R__LOAD_LIBRARY(libDelphes)
bool test_consti(const TRefArray & constituents) { 
  if(constituents.GetEntries()<1) return false;
  std::cout<<"[0] UID "<<constituents.GetUID(0)<< " class "<<constituents.At(0)->ClassName()<<std::endl;
  if(TString(constituents.At(0)->ClassName())=="GenParticle") {
      auto const p = dynamic_cast<const GenParticle*>(constituents.At(0));
      std::cout << p->PT<<std::endl;
  }
  if(TString(constituents.At(0)->ClassName())=="ParticleFlowCandidate") {
      auto const p = dynamic_cast<const ParticleFlowCandidate*>(constituents.At(0));
      std::cout << p->PT<<std::endl;
  }
  if(TString(constituents.At(0)->ClassName())=="Muon") {
      auto const p = dynamic_cast<const Muon*>(constituents.At(0));
      std::cout << p->PT<<std::endl;
  }
  return true;
}
void tester(){
  TChain* chain = new TChain("Delphes");
  chain->Add(TString::Format("top.reco.root"));
  TTreeReader r(chain);
  TTreeReaderArray<int> rp(r, "Particle.PID");
  TTreeReaderArray<TRefArray> rv(r, "FatJet.Constituents");
  int count=0;
  while (r.Next()) {
    count++;
    if(count<158)
      continue;
    std::cout<< count-1 << std::endl;
    // for (const int & each : rp) {
    //   ;
    // }
    for (const TRefArray & each : rv) {
      test_consti(each);
    }
    if(count>158)
      break;
  }
}

Un-comment the 3 lines of codes would change the result of TTreeReaderArray<TRefArray>.

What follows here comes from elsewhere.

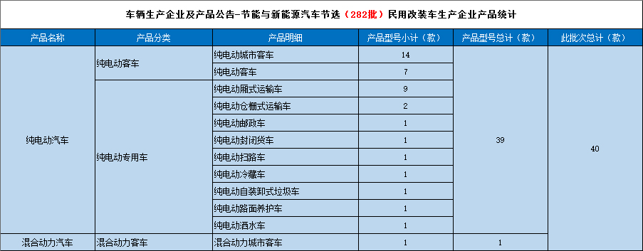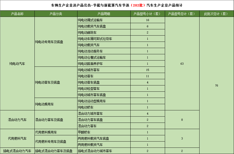 工业和信息化部于2016年4月1日发布《道路机动车辆生产企业及产品(第282批),节能与新能源汽车年鉴编制办公室统计如下:
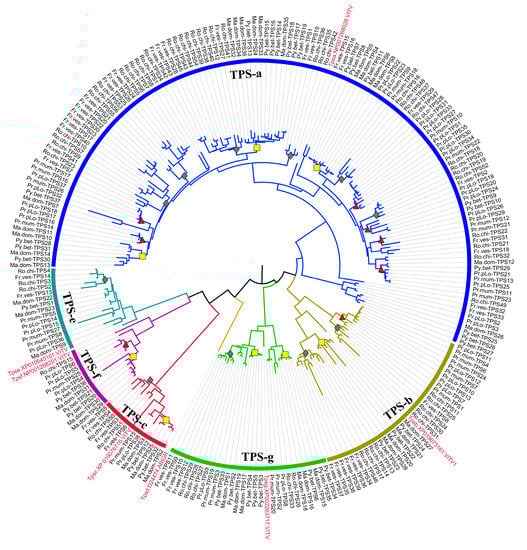 To explore the evolution of TPSs in Rosaceae, we chose two representative species from each subfamily in Rosaceae for phylogenetic tree construction, including two Prunoideae species (P. persica, P. mume), two Maloideae species (M. domestica, P. betulifolia), and two Rosoideae species (F. vesca, R. chinensis). The detailed distribution of family numbers of different TPS clades is listed in Table 2. The TPS-a clade is the major determinant of family size of individual species; it is the largest group with more TPS copies, followed by TPS-b and TPS-g, TPS-c/e/f have a relatively small family size. On the whole, Rosoideae species owned more TPS copies, followed by Maloideae species, and Prunoideae species. The family number of TPSs from R. chinensis is up to 57, of which 37 are TPS-a members. The six Rosaceae species that we chose nearly contained all five TPS clades; however, no TPS-f member was detected in F. vesca. The family number distribution of different TPS clades also varied among three Rosaceae subfamilies. For example, more than two TPS-c gene copies existed in the Maloideae and Rosoideae subfamilies, while only one copy was detected in Prunoideae species. The diversity of family number of TPS-f is also obvious; both M. domestica and P. betulifolia owned three copies, while for Rosoideae species, only one copy was encoded in R. chinensis. For Prunoideae species, one copy of TPSs from the TPS-f clade was detected in P. mira and P. mume, while three copies were detected in P. persica, indicating the recent expansion of the TPS-f clade in modern peach. The phylogenetic relationship revealed that lineage-specific expansions of the TPSs were widely observed within different TPS clades. These expansions are denoted in the phylogenetic tree (Figure 3 and Figure S2), the clustering relationship indicated that many expansions occurred after the split of sister lineages, such as the split of Maloideae and Prunoideae. Two Rosoideae species (F. vesca, R. chinensis) owned more lineage-specific expansions compared with the other two Rosaceae subfamilies, especially in the branch of TPS-a clade. On the other hand, in the lineage-specific expansion branch, except that many copies were shared by sister species, species-specific expansions were also detected widely. R. chinensis was also the most striking species with more copies of TPSs arising by species-specific expansion.

I am not sure whether I mis-use the TTreeReader and thank you for any comment or suggestion.

Best,
Qi


_ROOT Version:6.30/02
_Platform:x86_64-centos7-gcc12-opt (3.10.0-1127.el7.x86_64)
_Compiler:linuxx8664gcc


Hi Qi,

Could you share with us the input file too, in order for us to be able to reproduce?

Best,
D

Hi Danilo,
Yes I put the root file here and could you access it? (sorry the size of file is kind of large to upload here, as the issue happen quite randomly I need to produce some events to reproduce it. Let me know if I need to skim the files further)

Best,
Qibn

Hi Danilo,
I uploaded the root file and not sure whether it is enough to reproduce. Do I need to upload more events for the test?
Thank you!

Qi.

link to root file

Hi Qi,

Apologies that I did not reply to this thread, I missed your answer. Do you see the problem also without Delphes?

Cheers,
D

Hi Danilo,
I only tested with the Delphes output tree and not sure whether it is common for ROOT TRefArray. If there is root test file of TRefArray I can have try.

Best,
Q

Dear @qiqiqi ,

Thanks for reporting on our forum. I understand the boundaries of your problem, but if we had a ROOT-only reproducer, without the need for external dependencies, it would be much easier to debug. I understand this may not be trivial to create, so I will try to reproduce your environment with Delphes, note that this will take time.

Best,
Vincenzo

Hi @vpadulan ,
Thank you for your comment and time investigating on this. Apologize currently I only have the test code and root file based on the Delphes output (and only reproduce on specific events, thus to make more test cases might be tricky). I can help from my side to provide more info and test.
(the dependency I guess probably just the custom class definition which could be find here )
Best,
Q

On the surface the code looks okay. How is the uncommenting the code changing the result?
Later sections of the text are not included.